NAME

Carmen::AP11::HTMLHeuristics - Extracting metadata from HTML documents.


SYNOPSIS


  use Carmen::AP11::HTMLHeuristics;

  my $file="dok.html";
  $heuristics=new Carmen::AP11::HTMLHeuristics($file);
  $array_ref=$heuristics->getTitle;
  foreach my $title (@$array_ref){
        print "Weight:",$title->[0];
        print "Method:",$title->[1];
        print "Title :",$title->[2];
  }


DESCRIPTION

This module extracts metadata from HTML documents according to the heuristrics defined in the file 'heuristics.txt' of the distribution. There are currently methods for title, keywords and abstract which return information about the used extraction method, the weight and the extracted value.

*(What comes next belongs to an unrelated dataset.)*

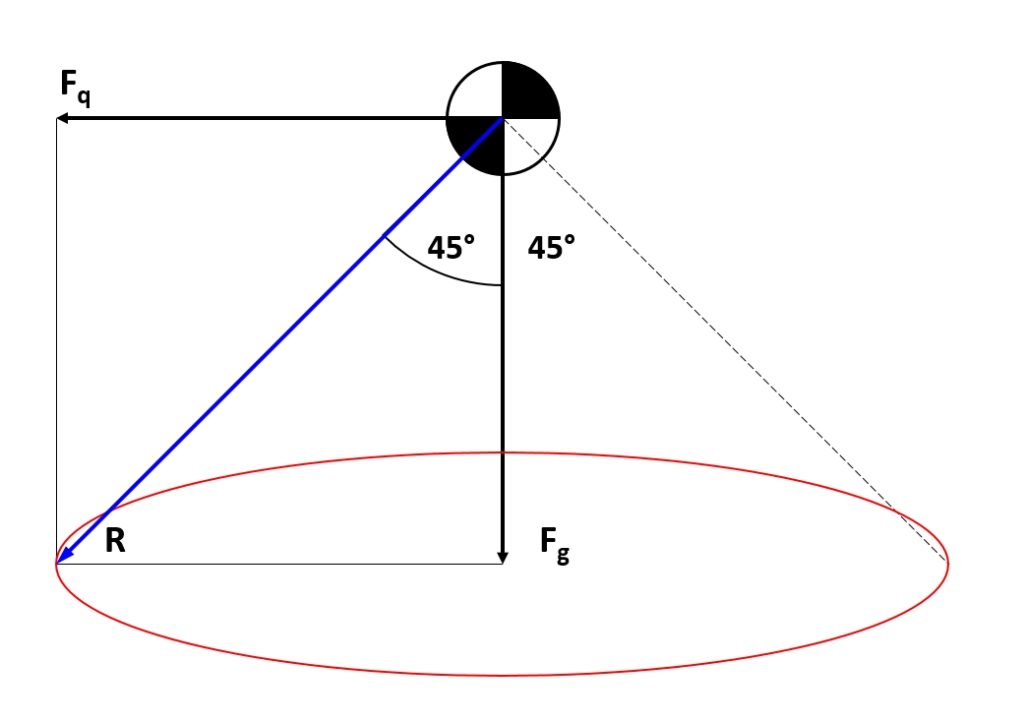 Die Schönheit dieser Annahme besteht darin, dass Gewichtskraft Fg und maximal übertragbare Querkraft Fq in diesem Fall betragsmässig gleich sind, woraus sich eine „Zweirad-äquivalente“, maximale Schräglage von 45° ergibt.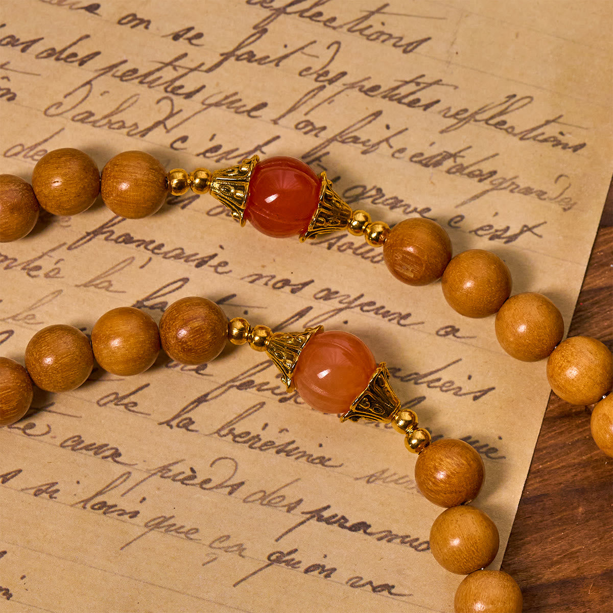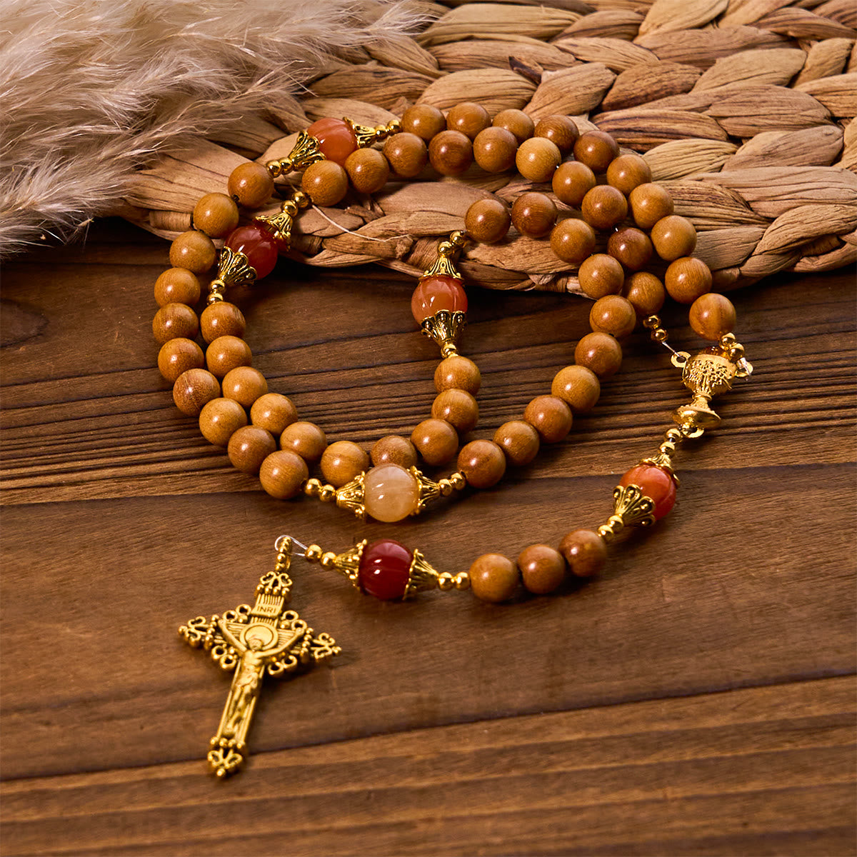 Rosario di sandalo per la devozione del Ringraziamento Christianartworkshop con gemme di zucca Golden Grace e Santo Graal - Legna - image 0

The returned value of these methods is an array reference of array references, see the above example for details.


METHODS

new($file)
Constructor.

getTitle();
Extracts the title.

getKeyword();
Extracts the keywords.

getAbstract();
Extracts the abstract.


AUTHOR

Stefan Kokkelink.


COPYRIGHT

Copyright 2000/2001 Stefan Kokkelink. All rights reserved.

This module is free software; you can redistribute it and/or modify it under the same terms as Perl itself.